Ir sobre el camino de Jesús, que es el amor; ser misericordiosos como el Padre es misericordioso.



Por: María Cruz | Fuente: Catholic.net





Del santo Evangelio según san Lucas 6, 27-38








En aquel tiempo Jesús dijo a sus discípulos: «Pero yo os digo a los que me escucháis: Amad a vuestros enemigos, haced bien a los que os odien, bendecid a los que os maldigan, rogad por los que os difamen. Al que te hiera en una mejilla, preséntale también la otra; y al que te quite el manto, no le niegues la túnica. A todo el que te pida, da, y al que tome lo tuyo, no se lo reclames. Y lo que queráis que os hagan los hombres, hacédselo vosotros igualmente. Si amáis a los que os aman, ¿Qué mérito tenéis? Pues también los pecadores aman a los que les aman. Si hacéis bien a los que os lo hacen a vosotros, ¿Qué mérito tenéis? ¡También los pecadores hacen otro tanto! Si prestáis a aquellos de quienes esperáis recibir, ¿Qué mérito tenéis? También los pecadores prestan a los pecadores para recibir lo correspondiente. Más bien, amad a vuestros enemigos; haced el bien, y prestad sin esperar nada a cambio; y vuestra recompensa será grande, y seréis hijos del Altísimo, porque él es bueno con los ingratos y los perversos. «Sed compasivos, como vuestro Padre es compasivo. No juzguéis y no seréis juzgados, no condenéis y no seréis condenados; perdonad y seréis perdonados.

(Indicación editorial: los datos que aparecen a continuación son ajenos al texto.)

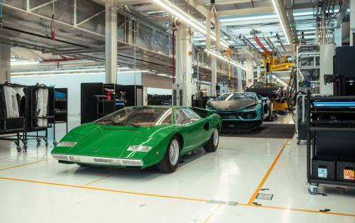 Στον ίδιο ακριβώς χώρο όπου ξεκίνησε τον Μάρτιο του 1974 η μαζική παραγωγή της Countach, στο εργοστάσιο της Lamborghini στη Sant’ Agata Bolognese, τώρα το πρώτο αντίτυπό της που κατασκευάστηκε τότε -μια πράσινη Countach LP 400- ήρθε για να συναντήσει τον απόγονό της, Revuelto.

Dad y se os dará; una medida buena, apretada, remecida, rebosante pondrán en el halda de vuestros vestidos. Porque con la medida con que midáis se os medirá».


Oración introductoria

Gracias, Señor, porque conoces mi debilidad y aún así me llamas a la santidad. Te suplico que mi oración me llene de confianza, no en mi esfuerzo o virtud, sino en tu inmensa misericordia, en tu compasión para conmigo y en tu gracia que hace que todo sea posible.


Petición

Señor, ayúdame a no defraudarte y a corresponderte buscando la perfección en mi amor, hoy más que ayer.


Meditación del Papa

Es darse a sí mismo, dar el corazón, precisamente a los que no nos quieren, que nos hacen mal, a los enemigos. Esta es la novedad del Evangelio. Jesús nos muestra que no hay mérito en amar a quien nos ama, porque eso también lo hacen los pecadores. Los  cristianos, sin embargo, estamos llamados a amar a nuestros enemigos. Hacer el bien y prestar sin esperar nada a cambio, sin intereses y la recompensa será grande. El Evangelio es una novedad. Una novedad difícil de llevar adelante. Pero significa ir detrás de Jesús.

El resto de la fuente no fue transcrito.